You need to understand the issue of manuscript evidences. The KJV was based on superior manuscripts. There really wasn't an issue of omissions in it or the versions they were working off of, i.e., the Tyndale, the Geneva, the Luther, the Coverdale, and many others considered to based on the Textus Receptus (TR) by Erasmus.
The other family of manuscripts came from Rome, i.e., the Codex Vaticanus and the Codex Sinaticus, etc. These had glaring omissions and changes. Those two manuscripts alone differ over 3,000 times in the four Gospels alone, and yet, are what the "new" versions consider superior to the TR.

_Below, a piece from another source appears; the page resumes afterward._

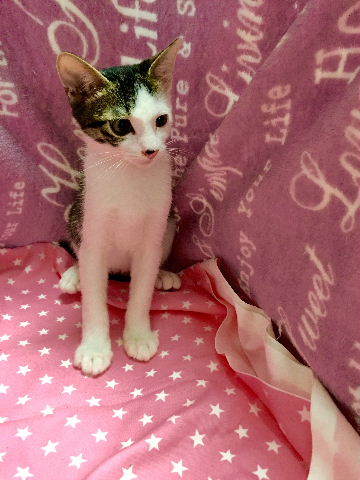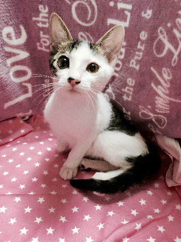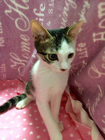 | 特徴(性格など) | 体は小さいですが、元気いっぱいで同年代の子ととじゃれてます。動きが素早いので人が歩くときは注意が必要なほど。今はいきなり抱っこするとなんや~と遊びたいのに~という顔をされます。体調も良くなってきました。 |

The KJV used a Hebrew based Old Testament called the Masoretic Text. The Jews guarded it jealously. The "new" versions, however, use the Biblia Hebracia Stuttgartensia based on the Codex Sinaticus, archeologist Tischendorf, found in a trash pile outside of a monastary on the Sinai peninsula.
Just remember, regardless to all of these different issues which many will argue, God left these promises:
God's word is pure, every word, and he will preserve it, without errors:
Psalm 12
[6] The words of the LORD are pure words: as silver tried in a furnace of earth, purified seven times.
[7] Thou shalt keep them, O LORD, thou shalt preserve them from this generation for ever.
Psalm 119
[89] For ever, O LORD, thy word is settled in heaven.
Psalm 119
[140] Thy word is very pure: therefore thy servant loveth it.
Proverbs 30
[5] Every word of God is pure: he is a shield unto them that put their trust in him.
[6] Add thou not unto his words, lest he reprove thee, and thou be found a liar.
Matthew 4
[4] But he answered and said, It is written, Man shall not live by bread alone, but by every word that proceedeth out of the mouth of God.
Matthew 24
[35] Heaven and earth shall pass away, but my words shall not pass away.
1 Peter 1
[23] Being born again, not of corruptible seed, but of incorruptible, by the word of God, which liveth and abideth for ever.
[24] For all flesh is as grass, and all the glory of man as the flower of grass. The grass withereth, and the flower thereof falleth away:
[25] But the word of the Lord endureth for ever. And this is the word which by the gospel is preached unto you.
Don't let anyone steal those promises from you.
a pilgrim,
I do not know the scholars from whom you have obtained this information as it differs considerably from my research. What you state is not true, based on the information from my research, when you state:
The KJV was based on superior manuscripts.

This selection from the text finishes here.